# Singers on money...



## interestedin (Jan 10, 2016)

Are there any Swedish members here? I heard next year Birgit Nilsson will be on Sweden's new 500-kronor-bill (about 50 Dollars/50 Euros). Which role is that:


----------



## interestedin (Jan 10, 2016)

And guess who's there on Norway's 100-kroner-bill:










You know any others?


----------



## Sloe (May 9, 2014)

It is as Brünhilde in Die Walküre.

The 50 kronor bill had until recently the 19th century opera singer Jenny Lind.










But it was changed to the 20th century troubadour Evert Taube.
The 500 kronor note have now king Charles XI.


----------



## sacraselva (Aug 31, 2016)

Hello from Sweden! The new bank notes with La Nilsson have been issued this month, I have personally not seen her yet but I am eagerly awaiting! The girl in the supermarket checkout said she had seen one already 

The pic is her as Brünnhilde from a Jan Brazda production 1968
There's a bit of information about the motif to be found here


----------



## interestedin (Jan 10, 2016)

sacraselva said:


> Hello from Sweden! The new bank notes with La Nilsson have been issued this month, I have personally not seen her yet but I am eagerly awaiting!

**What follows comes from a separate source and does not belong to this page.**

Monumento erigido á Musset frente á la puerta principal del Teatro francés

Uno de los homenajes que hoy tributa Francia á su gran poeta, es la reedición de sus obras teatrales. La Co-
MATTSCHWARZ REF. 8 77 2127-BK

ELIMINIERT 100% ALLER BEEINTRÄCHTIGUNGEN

The girl in the supermarket checkout said she had seen one already
> 
> The pic is her as Brünnhilde from a Jan Brazda production 1968
> There's a bit of information about the motif to be found here


Interesting link! It says the micro-text (some security detail) we can see in Nilssons hair is:

AGATHEAIDAAMELIAARIADNEBRÜNNHILDEDONNAANNAELEKTRAELETTRAELISABETHELSAFÄLTMARSKALKINNANFÄRGARFRUNISOLDEJUDITHLADYMACBETHLEONORELISAMINNIEORTLINDEPENELOPEREZIASALOMESENTASIEGLINDESIGRUNTOSCATURANDOTURSULAVENUSWOGLINDE

:lol:


----------



## SixFootScowl (Oct 17, 2011)

Oh ha ha, I see. When I saw the title I thought it would be about what singers would do for money that they would not otherwise do. Ok, this is better.


----------



## Woodduck (Mar 17, 2014)

Florestan said:


> Oh ha ha, I see. When I saw the title I thought it would be about what singers would do for money that they would not otherwise do.

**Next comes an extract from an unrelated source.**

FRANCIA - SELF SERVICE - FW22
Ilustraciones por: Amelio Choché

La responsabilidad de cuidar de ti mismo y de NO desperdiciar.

Hmmmm. What singers do you hang out with? What do they charge?


----------



## hpowders (Dec 23, 2013)

interestedin said:


> And guess who's there on Norway's 100-kroner-bill:
> 
> 
> 
> ...


Kirsten Flagstad, definitely worth 100 kroner!


----------



## Pugg (Aug 8, 2014)

Florestan said:


> Oh ha ha, I see. When I saw the title I thought it would be about what singers would do for money that they would not otherwise do. Ok, this is better.

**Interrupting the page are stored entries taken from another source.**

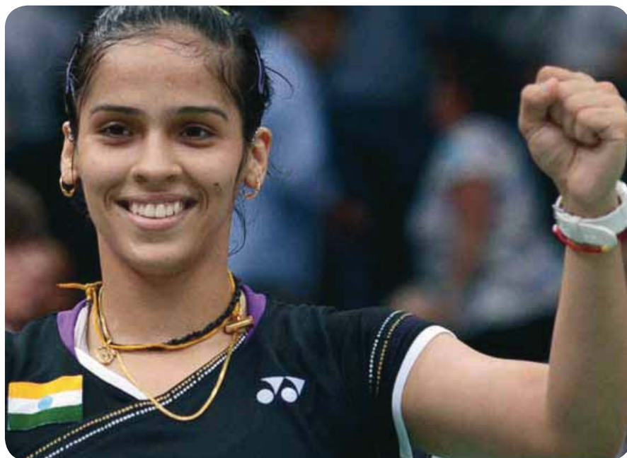
Une star que l'Inde a attendue: la joueuse de badminton Saina Nehwal, numéro 3 mondiale et médaillée de bronze à Londres en 2012.

L'Inde n'a gagné que 26 misérables médailles depuis les premiers Jeux Olympiques modernes, dont neuf en or et toutes lors des Jeux d'été. En comparaison: la Suisse, qui a cent-cinquante fois moins d'habitants que l'Inde, en a gagné 312. L'Inde a un grand soif de stars dans le domaine du sport. Les sportifs les plus populaires sont les joueurs de Cricket et les hockeyeurs sur gazon, tous des hommes. Mais maintenant arrive une jeune femme qui gagne de grands tournois, les uns après les autres, et même contre les Chinoises pourtant très puissantes en apparence. Magnifique!
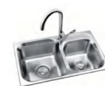
LD99600A 不锈钢水槽 750x470x230mm
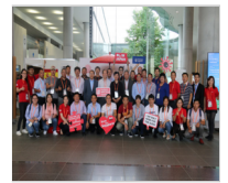
学会组织优秀青年奶牛兽医工作者参加第..
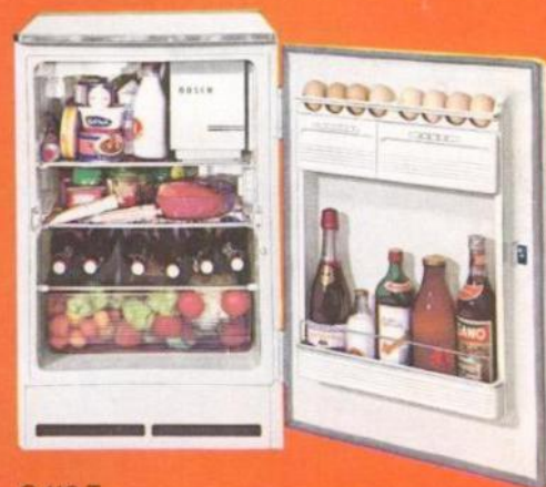
G 118 T
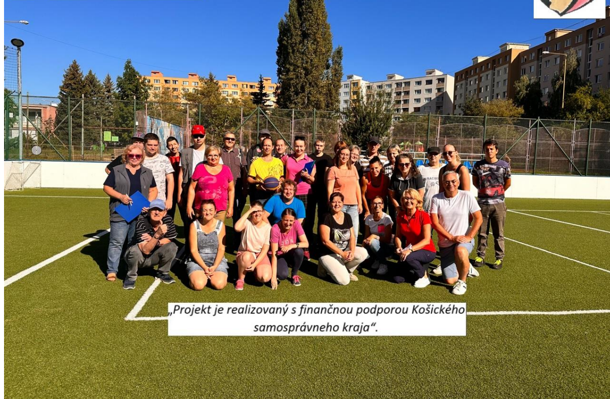
„Projekt je realizovaný s finančnou podporou Košického samosprávneho kraja“.
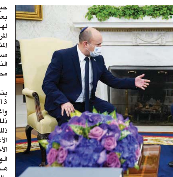
الرئيس الأميركي يتحدث إلى رئيس الوزراء الإسرائيلي في البيت الأبيض أغسطس 2021

حيث انتقد المنظومة الأمنية في البلاد بعد أيام قليلة من تعرض منشأة نظنز لمهجوم أدى إلى تعطيل أجهزة الطرد المركزي، وذلك بعد هجوم تعرضت له المنشأة في يونيو 2020، قبل اغتيال مسؤول الجوانب العسكرية في الملف النووي، ونائب وزير الدفاع السابق، محسن فخري زاده.
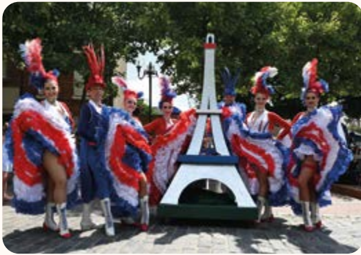
◀ Animations du 14 juillet

They had me fooled as well .


----------



## silentio (Nov 10, 2014)

_"The 30th anniversary of the death of Maria Callas was selected as the main motif for a high value euro collectors' coin: the €10 Greek Maria Callas commemorative coin, minted in 2007"_

https://en.wikipedia.org/wiki/Maria_Callas






​


----------



## Seattleoperafan (Mar 24, 2013)

That is a particularly beautiful photo of Flagstad.


----------



## mountmccabe (May 1, 2013)

Florestan said:


> Oh ha ha, I see. When I saw the title I thought it would be about what singers would do for money that they would not otherwise do. Ok, this is better.











Ahab offering a reward


----------



## mountmccabe (May 1, 2013)

Sometimes when you give opera characters money, they just throw it around


----------



## Scott in PA (Aug 13, 2016)

This makes me think that, when they were looking for a woman to put on US currency, they could have used Rosa Ponselle (b. Meriden CT, 1897). Instead it's going to be Harriet Tubman.


----------



## Woodduck (Mar 17, 2014)

Scott in PA said:


> This makes me think that, when they were looking for a woman to put on US currency, they could have used Rosa Ponselle (b. Meriden CT, 1897). Instead it's going to be Harriet Tubman.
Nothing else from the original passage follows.